Forecasting time series with gradient boosting: Skforecast, XGBoost, LightGBM and CatBoost

If you like  Skforecast ,  help us giving a star on   GitHub! ⭐️

Forecasting time series with gradient boosting: Skforecast, XGBoost, LightGBM, Scikit-learn and CatBoost

Joaquín Amat Rodrigo, Javier Escobar Ortiz
February, 2021 (last update August 2024)

Introduction

Gradient boosting models have gained popularity in the machine learning community due to their ability to achieve excellent results in a wide range of use cases, including both regression and classification. Although these models have traditionally been less common in forecasting, they can be highly effective in this domain. Some of the key benefits of using gradient boosting models for forecasting include:

  • The ease with which exogenous variables can be included in the model, in addition to autoregressive variables.

  • The ability to capture non-linear relationships between variables.

  • High scalability, allowing models to handle large volumes of data.

  • Some implementations allow the inclusion of categorical variables without the need for additional encoding, such as one-hot encoding.

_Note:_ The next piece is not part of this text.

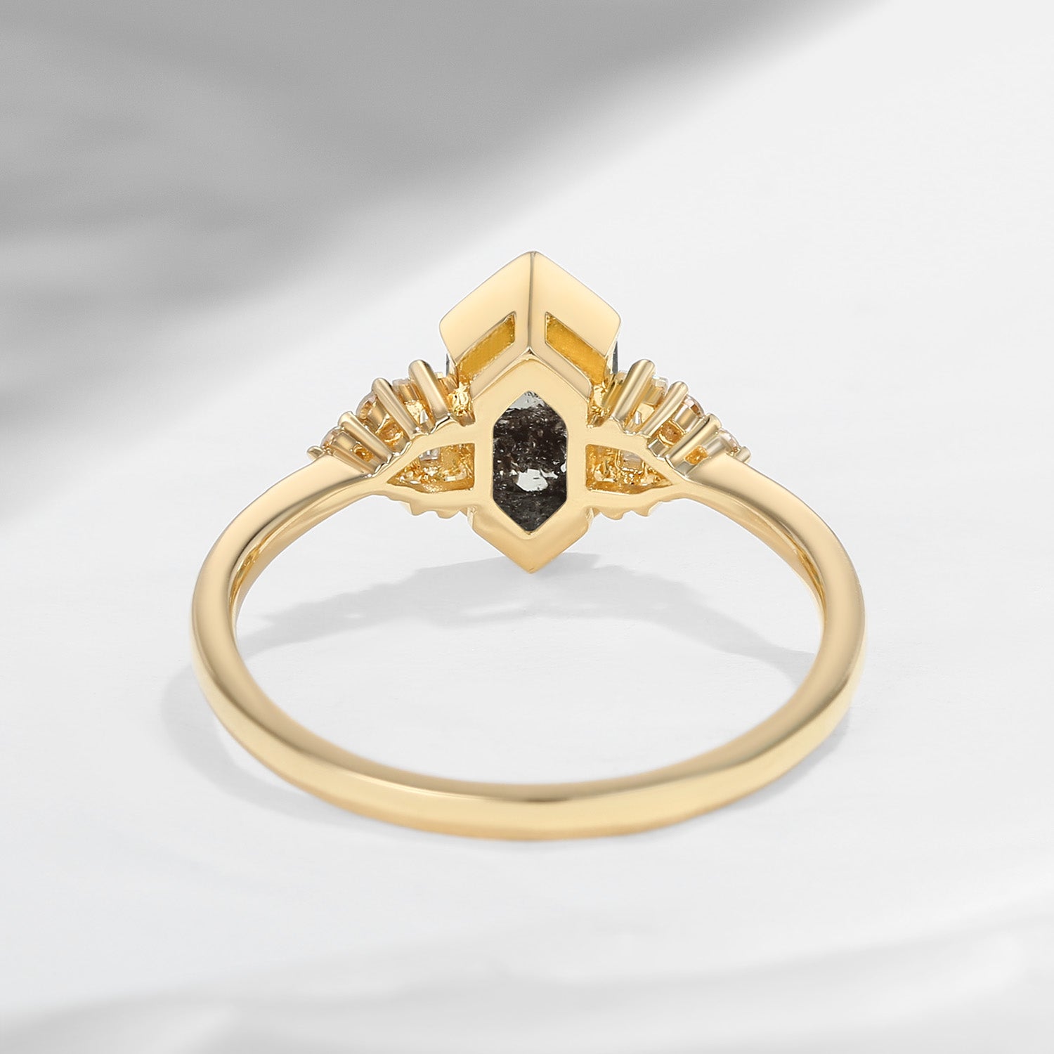 Long Hexagon Natural Salt And Pepper Diamond Vintage Cluster Engagement Ring

Despite these benefits, the use of machine learning models for forecasting can present several challenges that can make analysts reluctant to use them, the main ones being:

  • Transforming the data so that it can be used as a regression problem.

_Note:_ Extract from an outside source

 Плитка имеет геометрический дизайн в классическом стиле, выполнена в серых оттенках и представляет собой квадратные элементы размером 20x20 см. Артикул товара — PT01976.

  • Depending on how many future predictions are needed (prediction horizon), an iterative process may be required where each new prediction is based on previous ones.

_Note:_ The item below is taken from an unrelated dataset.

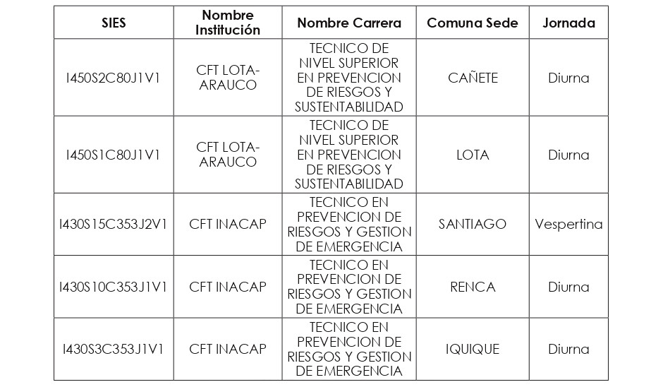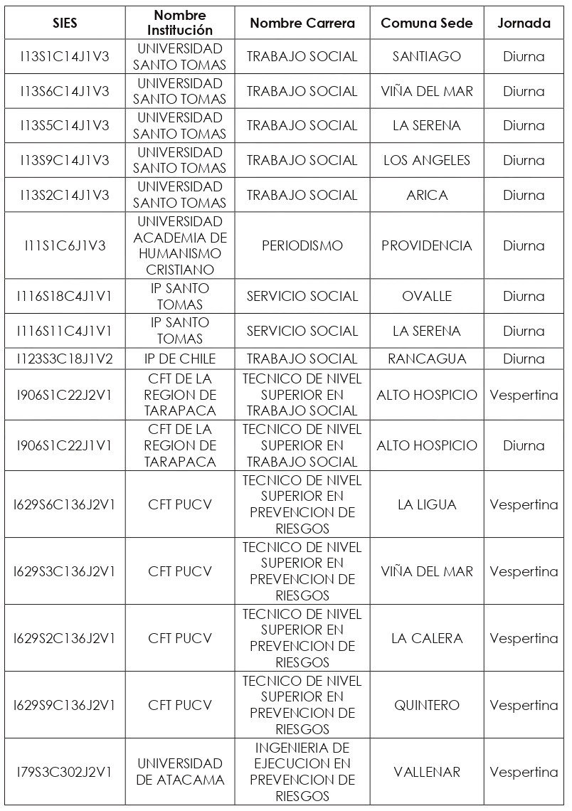 Artículo tercero: Compleméntase la resolución exenta N° 3.882, de 2024, de la Subsecretaría de Educación Superior, y sus modificaciones, en el sentido de incorporar en su artículo segundo el siguiente listado de carreras, correspondiente a los nuevos programas (243) a impartirse el año académico 2025, de conformidad a lo dispuesto en el artículo 93 de la ley N° 21.091:

  • Model validation requires specific strategies such as backtesting, walk-forward validation or time series cross-validation. Traditional cross-validation cannot be used.

The skforecast library provides automated solutions to these challenges, making it easier to apply and validate machine learning models to forecasting problems. The library supports several advanced gradient boosting models, including XGBoost, LightGBM, Catboost and scikit-learn HistGradientBoostingRegressor. This document shows how to use them to build accurate forecasting models. To ensure a smooth learning experience, an initial exploration of the data is performed. Then, the modeling process is explained step by step, starting with a recursive model utilizing a LightGBM regressor and moving on to a model incorporating exogenous variables and various coding strategies. The document concludes by demonstrating the use of other gradient boosting model implementations, including XGBoost, CatBoost, and the scikit-learn HistGradientBoostingRegressor.

✎ Note

Machine learning models do not always outperform statistical learning models such as AR, ARIMA or Exponential Smoothing. Which one works best depends largely on the characteristics of the use case to which it is applied. Visit ARIMA and SARIMAX models with skforecast to learn more about statistical models.

✎ Note

Additional examples of how using gradient boosting models for forecasting can be found in the documents Forecasting energy demand with machine learning and Global Forecasting Models.

Use case

Bicycle sharing is a popular shared transport service that provides bicycles to individuals for short-term use. These systems typically provide bike docks where riders can borrow a bike and return it to any dock belonging to the same system. The docks are equipped with special bike racks that secure the bike and only release it via computer control. One of the major challenges faced by operators of these systems is the need to redistribute bikes to ensure that there are bikes available at all docks, as well as free spaces for returns.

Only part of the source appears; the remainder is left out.